Наконец, - и это тоже вполне понятно, ввиду необычайного роста и эстетической и искусствоведческой областей, - эллинистически-римская эпоха богата еще и учебной литературой, без которой теперь уже невозможно было охватить столь широкую и столь разросшуюся эстетику. В литературе здесь можно упомянуть имена Неоптолема Парионского и Филодема Гадарского, которые были источниками и учителями для Горация, также самого Горация, "Поэтика" которого была не чем иным, как руководством для начинающих поэтов, далее Витрувия с его архитектурным руководством или Квинтилиана с его ораторскими наставлениями.

В заключение критического обзора суждений К.Гилберт и Г.Куна об эллинистически-римской эстетике мы должны выдвинуть два обстоятельства, которые из предыдущего, как кажется, вытекают сами собой. То, что авторы не обладают никакой социально-исторической методологией, это безусловно мешает им как объяснять появление тех или других эстетических теорий, так и давать их критику{95}. С другой стороны, однако, обилие приводимых ими ценнейших фактов из истории эстетики, частая свежесть их интерпретации и их постоянное стремление уйти от поверхностного обзора к разного рода глубинным наблюдениям, все это делает у них эллинистически-римскую часть весьма оригинальной и серьезной. Поэтому даже разбросанность и логическая неточность исторической планировки не в силах заглушить у них новизну анализа и живость изложения. Можно с полным правом сказать, что после появления труда К.Гилберт и Г.Куна уже стыдно историкам эстетики игнорировать эллинистически-римскую эстетику или излагать ее в небрежных и эскизных тонах.

7. Р.Байе

В 1961 г. появилась работа Р.Байе "История эстетики"{96}, в которой эллинистическая эстетика излагается несколько подробнее, чем это мы находим в обычных историях эстетики. Правда, этот автор не счел нужным давать общей характеристики эллинистической эстетики. Зато он начинает с эпикурейцев, а не со стоиков и эпикурейскую эстетику тоже излагает несколько живее, чем это делается обычно.

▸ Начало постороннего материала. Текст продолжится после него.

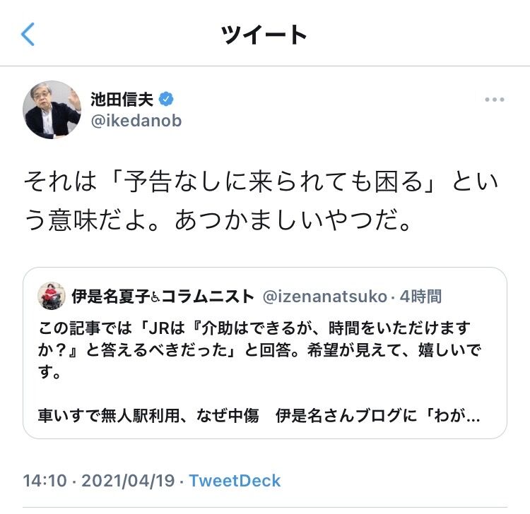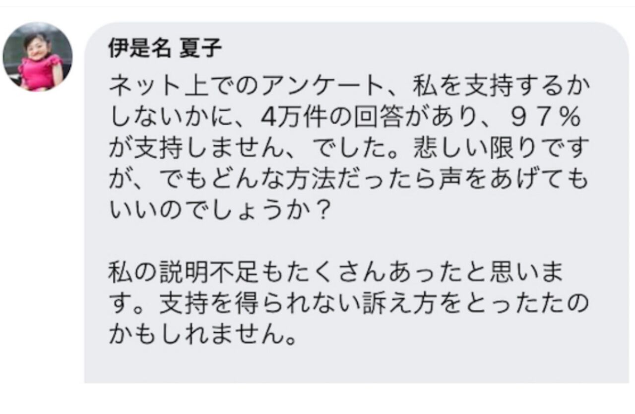 伊是名さんは先月4日、ブログで「JRで車いすは乗車拒否されました」と題した記事を投稿。車いす対応をめぐる駅員とのやりとりをつづり、物議をかもした。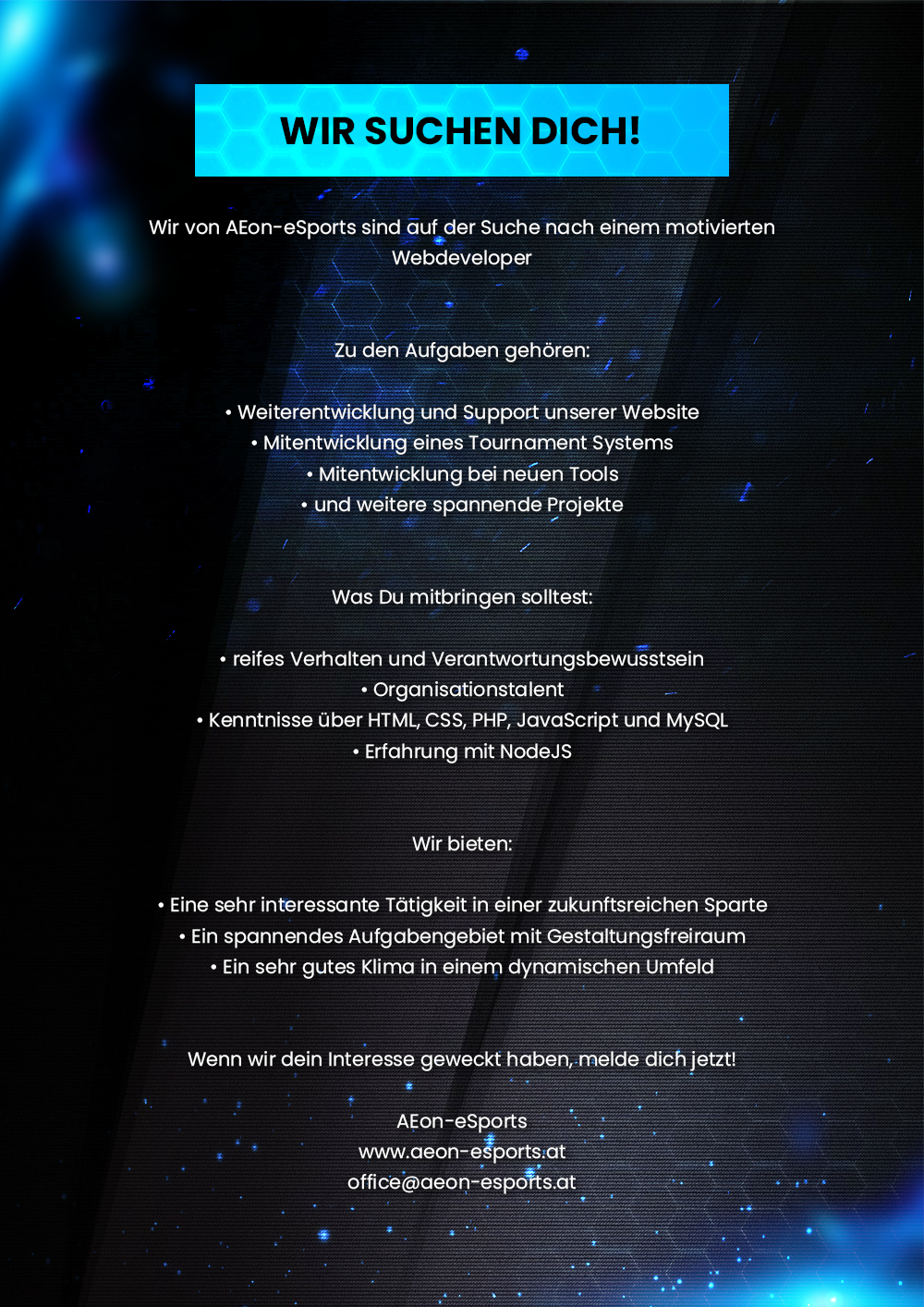 Am 02.01.2018, mit Absprache meines neuen Teams, beschlossen wir das Projekt AEon-eSports wieder mit Freude und vollem Elan neu zu starten. Dieses Projekt wurde für Österreichische Spieler aufgebaut. Nun, da seit Ende 2017 die ESL auch nach Österreich durchgedrungen ist werden wir, im heimischen Bereich Fuß fassen. Mit dem 21.08.2018 würde aus unserem Clan endlich ein Offizieller eingetragener Verein welcher seinen Sitz in Österreich/Kärnten hat.

После общих указаний на принцип удовольствия и внутренней безмятежности у эпикурейцев данный автор рассуждает так: этот идеал покоя означает для эпикурейцев некоторое безразличие по отношению к большинству деятельных аспектов эстетического опыта. По Диогену Лаэрцию, только мудрец способен правильно толковать о музыке и поэзии, и притом сам не писать стихов.

Учение эпикурейцев противоположно стоической вере в провидение и в определенную связь, существующую между человеком и природой. Так, эпикурейцы не верят в объективную ценность искусства как выражения разумного удовлетворения. "Музыка, - говорит Филодем, - иррациональна, не может воздействовать на душу и чувства, и как искусство она не более выразительна, чем кулинария".

Каков же основной характер эстетического учения эпикурейцев? Это прежде всего аскетический сенсуализм. По Эпикуру, сенсуализм состоит в ощущаемом удовольствии, соединенном с воображением и теми воображаемыми удовольствиями, которые ему сопутствуют вследствие возбуждения и феноменальных впечатлений. Эпикурейская симметрия есть, в сущности, вычисление: коль скоро это так, мы допускаем возможность научного определения того, что может служить для нашего счастья. Итак, идея вычисления, расчета лучше всего характеризует это учение: это квазинаучный сенсуализм. Итак, в этот сенсуализм вводится рассудочный элемент: для подавления плоти Эпикур обращается к мысли. Но в этом нет никакой непоследовательности, если учесть, какое видное место занимают в эпикурейском учении антиципация и предварительное знание. Это мышление дологическое.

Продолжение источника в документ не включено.